Notice that I’ve left terms here imprecise - it’s up to you to decide how to define things in terms of the data available. For example, for #1 you would need to decide what “rainy” means to you and explain that decision.
A convincing analysis might compare multiple interpretations of a concept. For example, it may be interesting to see both number of days with rain and also total amount of rain for each city to get a more complete picture of “raininess”.
Any preprocessing, cleaning, or assumptions you make in your analysis should be explained. If you find something strange in the data and can’t find an explanation for it in the LCD Documentation, you may need to ignore it; be explicit about doing this.
When answering these kinds of questions, I often start with a fairly specific question (“is it cloudier in Bellingham or Ithaca?”), but once I do the work to answer it, it’s quite easy to answer other similar questions or perform more in-depth analysis (“what are the relative frequencies of each possible sky condition in each city?”). You’re not required to, but you should feel free to follow your curiosity into further analysis after answering the original question.

Submitting your work

If your analyses use any data other than the pre-downloaded files, please submit a zip file containing all of the data files needed by all of your notebooks (please zip the data even if it’s only one file - this will preserve the data filename so your notebook can load it without modification), except those that are among the pre-downloaded. Be sure that the notebook reads pre-downloaded files from their URLs, and other data files from the same directory as the notebook.

For each notebook, make sure that all your cells have been run and have the output you intended, then download a copy in .ipynb format and submit the resulting file to the Lab 2 assignment on Canvas.
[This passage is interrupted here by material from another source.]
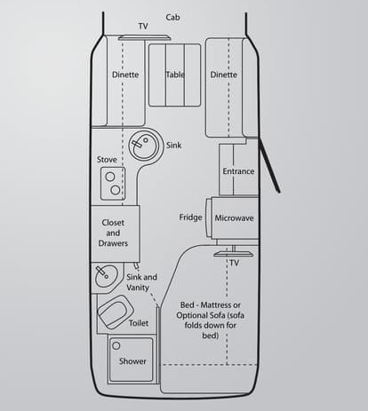 General Specifications Chassis: Mercedes-Benz Sprinter 3500 Cutaway Body: Full fiberglass widebody construction Length: Approximately 24' 4" Engine & Performance Engine: Mercedes-Benz 3.0L V6 Turbo Diesel Horsepower: 154 hp @ 3400 rpm Torque: 280 lb-ft @ 1200-2400 rpm Transmission: 5-speed automatic with Autostick Brakes: 4-wheel disc with ABS Towing Capacity: 5,000 lbs Tank Capacities Fresh Water: 47 US Gallons Grey Water: 39 US Gallons Black Water: 29 US Gallons Propane Tank: 57 lbs Appliances & Features Refrigerator: 6.4 cubic foot (gas/electric/110V) Water Heater: 6-gallon propane/110V Generator: 3.6KW propane generator Furnace: 16,000 BTU ducted Air Conditioner: 13,000 BTU ducted Awning: 11' 6" Interior Features Countertop: Solid surface Stove: Two-burner glass top Bathroom: Private rear bath with separate shower, toilet, sink, and vanity Bed: Stationary mattress with storage Fan: Fantastic Fan with rain sensor

Finally, fill out the Week 2 Survey on Canvas. Your submission will not be considered complete until the survey is submitted.

Rubric

Each analysis in Part 1 is worth 20 points, while your Part 2 analysis is worth 10 points. For full credit, your analysis will be correct, convincing, and clear.

Parts 1 and 2

50% - Correct
- 5/5 analysis is completely technically sound
- 4/5 small technical issues, but no apparent effect on the outcome of the analysis
- 3/5 some techniques are applied or interpreted incorrectly in a way that affects the analysis
- 2/5 an honest attempt was made, but it’s seriously incomplete or flawed
- 1/5 some effort was made
- 0/5 no effort was made / no submission
30% - Convincing
- 3/3 - Sensible preprocessing decisions are made; assumptions are reasonable
- 2/3 - Some questionable assumptions are made or important information ignored, weakening the conclusion of the analysis
- 1/3 - The analysis attempts to, but does not support the conclusion / provide insight into the issue in question.
- 0/3 no effort was made / no submission
20% - Clear
- 2/2 - code and analysis are clearly and concisely explained and justified
- 1/2 - code and analysis are partly explained/justified, or explanations are difficult to understand
- 0/2 no effort was made / no submission

Extra Credit

Up to 5 points of extra credit are available for the extra credit analysis, judged on the same criteria as above, but more stringently. Each extra credit point is exponentially more difficult to get; you will need to amaze me in order to get 5 points.